--- Exercise goal ---
Repeat the data that follows verbatim. Images are not part of the copy.
[[ Provided material, beginning ]]
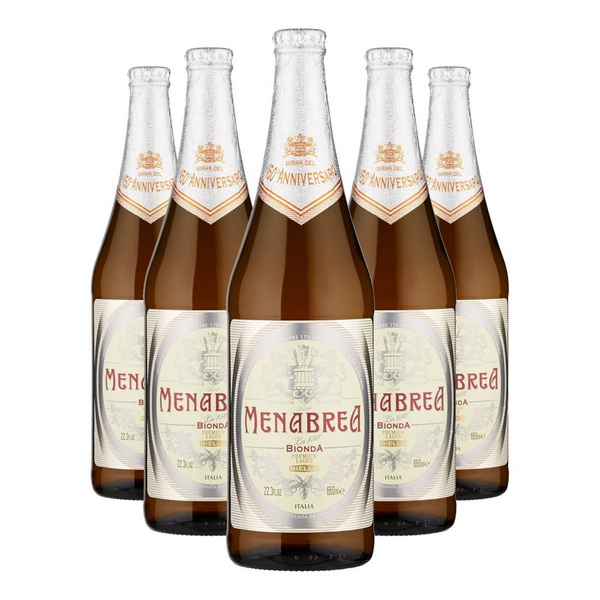 La Birra Menabrea Bionda e' una birra dal colore chiaro brillante con schiuma abbondante e di grana fine. Il sapore si fonde con grande equilibrio tra il fruttate e floreale. Il sapore e' equilibrato tra lo speziato e il maltato. Il finale ha una piacevole persistenza luppolata. Ingredienti: malto d'ORZO, mais, acqua, luppolo e lievito.
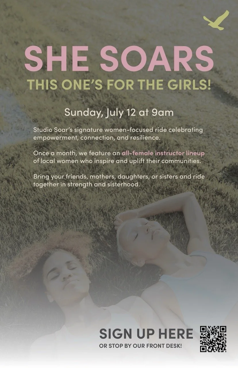 “She Soars” is Studio Soar’s signature women-focused ride, celebrating empowerment, connection, and resilience. Each month, the studio features an all-female instructor lineup, highlighting local women who inspire, lead, and elevate their communities.
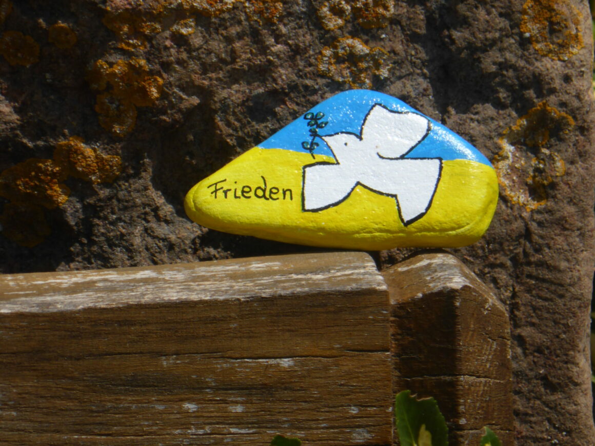 Nous partons à la découverte du site, par les rues calmes du vieux village brûlé d’un soleil têtu. Nos pas nous mènent à la belle petite église paroissiale romane. Emotion de découvrir la sépulture toute simple de frère Roger dans le cimetière autour de cette église, elle est recouverte de végétation un peu folle et on ne la distingue de celle des autres frères que par l’inscription “Frère Roger” sur l’humble croix de bois, et par un petit caillou peint d’une colombe avec l’inscription “Frieden” (paix) qui est simplement posé là, sur la croix.
[[ Provided material, end ]]
--- Answer for this exercise ---
 La Birra Menabrea Bionda e' una birra dal colore chiaro brillante con schiuma abbondante e di grana fine. Il sapore si fonde con grande equilibrio tra il fruttate e floreale. Il sapore e' equilibrato tra lo speziato e il maltato. Il finale ha una piacevole persistenza luppolata. Ingredienti: malto d'ORZO, mais, acqua, luppolo e lievito.
 “She Soars” is Studio Soar’s signature women-focused ride, celebrating empowerment, connection, and resilience. Each month, the studio features an all-female instructor lineup, highlighting local women who inspire, lead, and elevate their communities.
 Nous partons à la découverte du site, par les rues calmes du vieux village brûlé d’un soleil têtu. Nos pas nous mènent à la belle petite église paroissiale romane. Emotion de découvrir la sépulture toute simple de frère Roger dans le cimetière autour de cette église, elle est recouverte de végétation un peu folle et on ne la distingue de celle des autres frères que par l’inscription “Frère Roger” sur l’humble croix de bois, et par un petit caillou peint d’une colombe avec l’inscription “Frieden” (paix) qui est simplement posé là, sur la croix.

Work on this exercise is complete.